Irrespective of the mechanism of ctDNA shedding; nucleosome footprints, DNA methylation profiles, DNA preferred end motifs, and genetic alterations can be used to characterize and identify the origin of cfDNA as they carry information from the original tissues (49–51) ( ). In this regard, certain human genomic locations have been described as preferential ends when ctDNA is generated (52), suggesting that DNA cleavage is a non-random process. Interestingly, a greater end motif diversity has been associated with cancer patients (53, 54), suggesting that ctDNA tail motifs could be used to enhance the performance of cancer diagnosis by identifying the fragments of cfDNA from tumor cells (ctDNA) and filtering out fragments from healthy cells. Another interesting approach for determining the tissue source of ctDNA was proposed by Snyder et al. (49), who hypothesized that it is feasible to identify cfDNA origin based on nucleosome positioning. Nucleosomes are distributed along DNA following different patterns that correlate with characteristic epigenetic features of different cell types or even according to cancer types. Matching the epigenetic footprint of these ctDNA fragments against reference databases would enable the molecular classification of cancers of unknown origin. In line with these data, the stability of DNA methylation and the presence of cell-specific methylation patterns can also contribute to the identification of tumor origin or even the detection of metastasis through cfDNA analysis (55). Specifically, the analysis of differentially methylated regions in colon and liver tissues enabled the differentiation of patients with liver or colon cancer but also, the discrimination between colon cancer patients with and without liver metastasis (56). Indeed, the analysis of cfDNA methylation has been already approved by the FDA for its use in the clinic (57), being the Epi proColon test the first screening analyzing a cfDNA methylation biomarker approved in 2016 for colorectal cancer patients (58).

Figure 3

Biological features of ctDNA: The integrated analysis of ctDNA somatic alterations, methylation and fragmentomic information, improves ctDNA detection and provides useful information about original tissue.

ctDNA Clearance

The amount of cfDNA, and ctDNA in particular, depends on a balance between DNA shedding and DNA clearance. Overall, the half-life of cfDNA ranges from 16 minutes to 2.5 hours (59), as a consequence of the action of three main different mechanisms: (i) the action of DNases present in the bloodstream (60), (ii) the active clearance of nucleosomes and DNA and (iii) filtration in organs such as kidney or lymph nodes ( ).

Figure 4

Mechanisms of ctDNA clearance: Kupffer cells from the liver are primarily responsible for ctDNA clearance, followed by circulating enzymes and immune system cells and other filtering organs such as kidneys, spleen and lymph nodes.

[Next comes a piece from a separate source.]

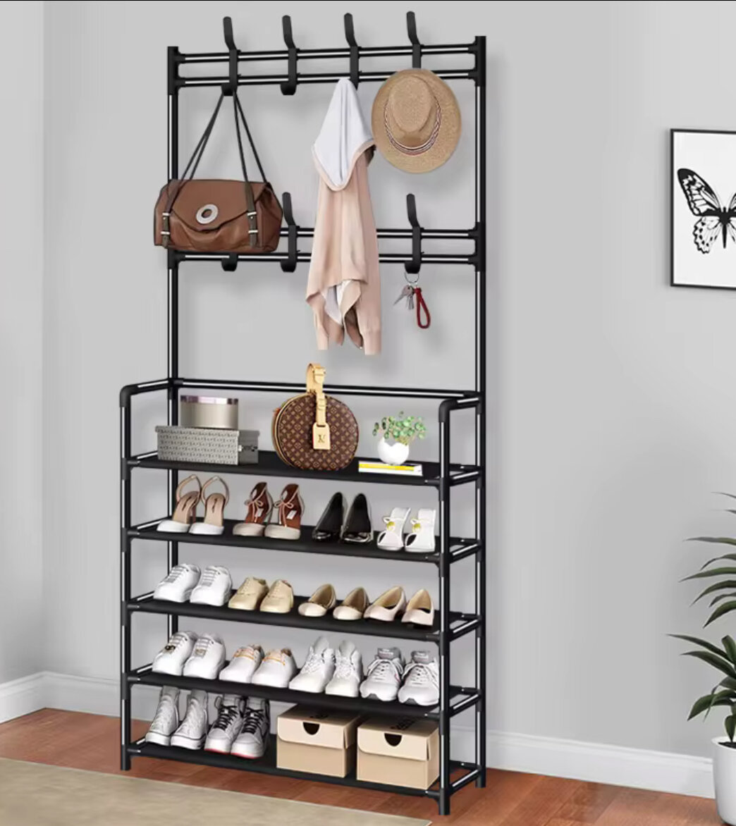 Optimisez votre espace avec cette étagère multifonctionnelle pour chaussures et manteaux. Parfaite pour l’entrée, elle organise vos chaussures, sacs et manteaux grâce à ses étagères spacieuses et ses crochets robustes. Design élégant et moderne qui s'intègre harmonieusement dans tout intérieur.

ctDNA clearance can be carried out by various filtering organs (60). Kupffer cells within the liver are responsible for clearing the majority of cfDNA, specifically longer fragments (61, 62), followed by kidneys, which are involved in DNA fragmentation through their deoxyribonuclease activity (62). In this way, in vivo experiments injecting radiolabeled mononucleosomes in mice demonstrated that the liver removed approximately 70 to 85% of the nucleosomes within 10 min (61). The macrophages of the spleen and lymph nodes play also a minor role in ctDNA clearance ( ). In addition to these organs, lymphatic drainage may constitute the main source of ctDNA clearance within the tumor microenvironment (60). In cancer patients, cfDNA level is higher than in healthy individuals in part due to the excess of cell death by the whole set of mechanisms aforementioned, which leads to the overload of the clearance systems and subsequent accumulation. Nevertheless, the kinetic dynamics of ctDNA in cancer patients need to be further studied.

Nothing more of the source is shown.